In this exercise, return only the lines that run from the line with "모델 명을 제외하고, <Recognizing" to the end of the entries below, both included. Pictures are not copied.

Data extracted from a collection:
* * *
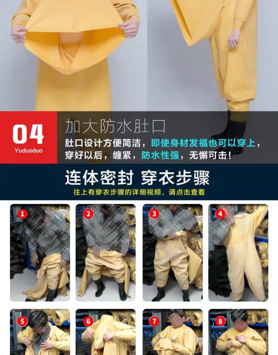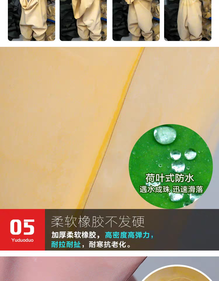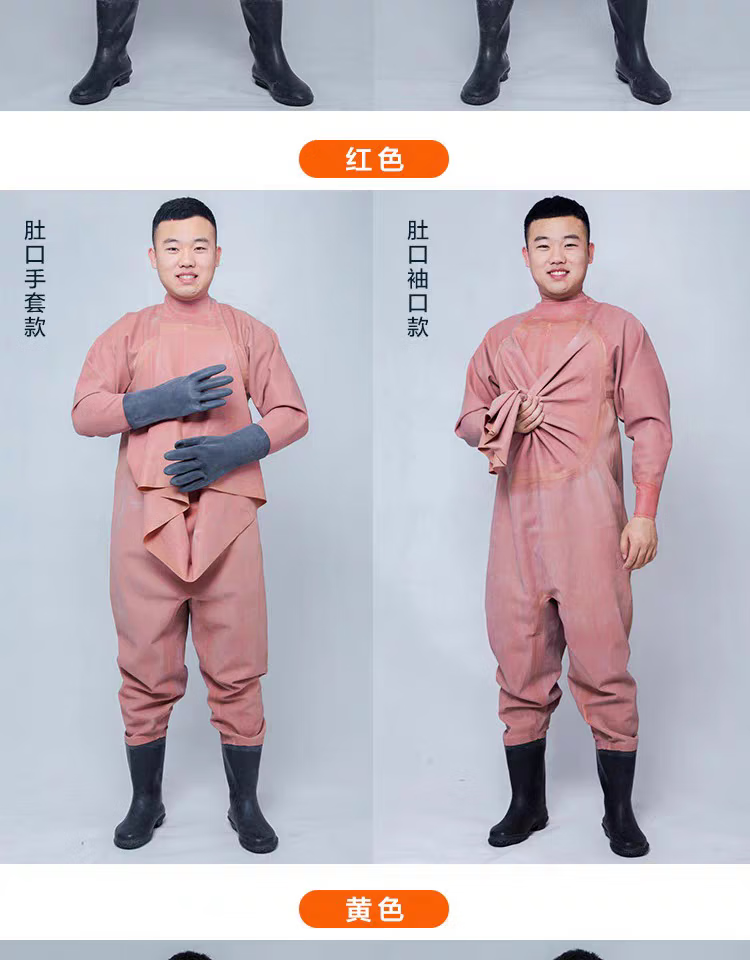 HHONGSHIYU full-body thickened rubber waders for catching fish, fully enclosed leather forks for digging lotus roots, wading waterproof suits, jumpsuits and shoes, yellow pure rubber full-body cuffs 150 silk, shoe size 41
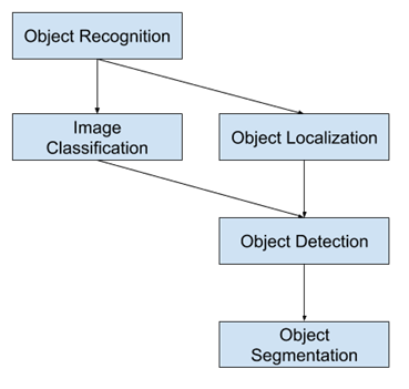 모델 명을 제외하고, <Recognizing Object>부터 살펴보자. 다르게 표현하면 object recognition으로 직역하면 “객체 인식”이다. Object Recognition은 Computer Vision 분야의분야의 주된 목적이자 목표로, 이미지 혹은 영상에서의 객체(사람, 자동차, 동물 등)를 말 그대로 “인식”하는 것을 말한다. “인식”은 다시 세분화되어, 단순히 “사람이다, 아니다”로 binary-classification “이진 분류”하는 방식과, “사람이다, 자동차이다”로 multi-classification “(세분화) 명명세분화)명명 혹은 다중 분류”하는 방식이 있다. 그리고 또 다른 인식 방법인 localization 객체의 “위치를 찾는” 방식이 있다. 이를 좀 더 깊게 들어가면, 이미지 혹은 영상 안에 어떤 객체들이 있는지, 어디에 있는지까지 detection “찾고 명명”할 뿐만 아니라, 이미지를 픽셀 단위로 낱낱이 segmentation “분해하고 분류 및 명명”까지 할 수도 있다. 본 논문에서는 이런 개념을 통틀어 사용하기 위해 task를 구체화하지 않고 <Object Recognition>이라는 말을 사용하였다.
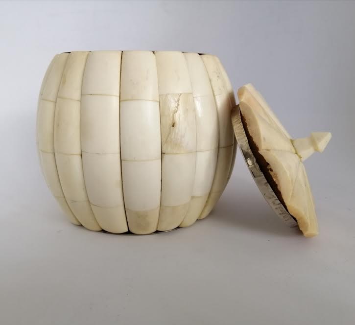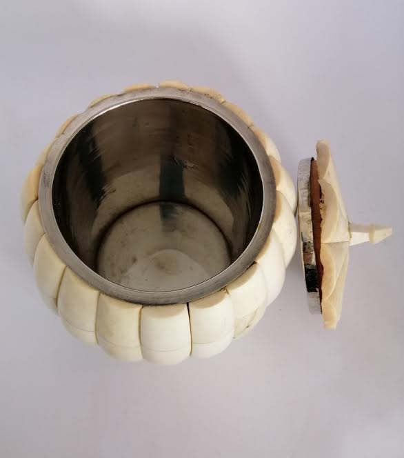 Pot et couvercle recouvert d’os véritable. Intérieur bien isolé en métal.
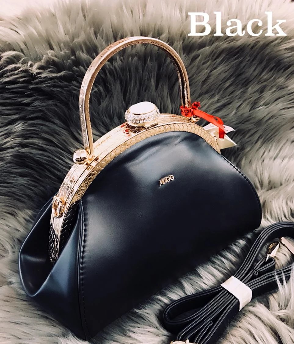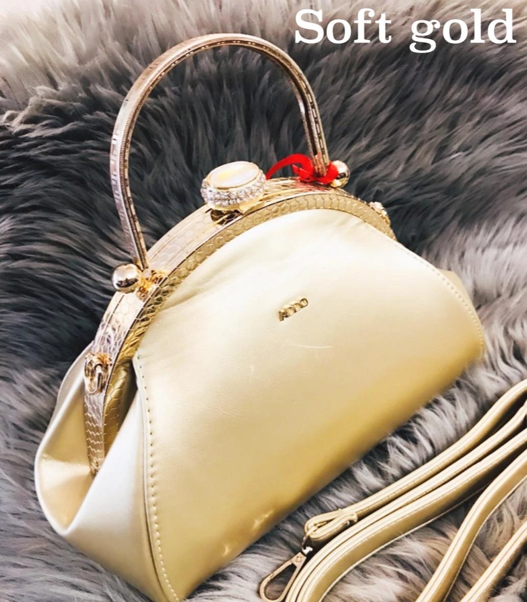 - Women's Gold frame Handbags with solid gold handle in superior quality pu leather to give you an elegant look comes with a long detachable gold sling belt .Size of bag is 8 x 10 inches.
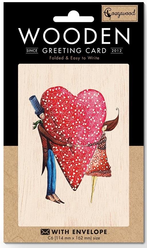 Opakowanie Karnet drewniany C6 + koperta Ślub duże serce
* * *
Solution
 모델 명을 제외하고, <Recognizing Object>부터 살펴보자. 다르게 표현하면 object recognition으로 직역하면 “객체 인식”이다. Object Recognition은 Computer Vision 분야의분야의 주된 목적이자 목표로, 이미지 혹은 영상에서의 객체(사람, 자동차, 동물 등)를 말 그대로 “인식”하는 것을 말한다. “인식”은 다시 세분화되어, 단순히 “사람이다, 아니다”로 binary-classification “이진 분류”하는 방식과, “사람이다, 자동차이다”로 multi-classification “(세분화) 명명세분화)명명 혹은 다중 분류”하는 방식이 있다. 그리고 또 다른 인식 방법인 localization 객체의 “위치를 찾는” 방식이 있다. 이를 좀 더 깊게 들어가면, 이미지 혹은 영상 안에 어떤 객체들이 있는지, 어디에 있는지까지 detection “찾고 명명”할 뿐만 아니라, 이미지를 픽셀 단위로 낱낱이 segmentation “분해하고 분류 및 명명”까지 할 수도 있다. 본 논문에서는 이런 개념을 통틀어 사용하기 위해 task를 구체화하지 않고 <Object Recognition>이라는 말을 사용하였다.
 Pot et couvercle recouvert d’os véritable. Intérieur bien isolé en métal.
 - Women's Gold frame Handbags with solid gold handle in superior quality pu leather to give you an elegant look comes with a long detachable gold sling belt .Size of bag is 8 x 10 inches.
 Opakowanie Karnet drewniany C6 + koperta Ślub duże serce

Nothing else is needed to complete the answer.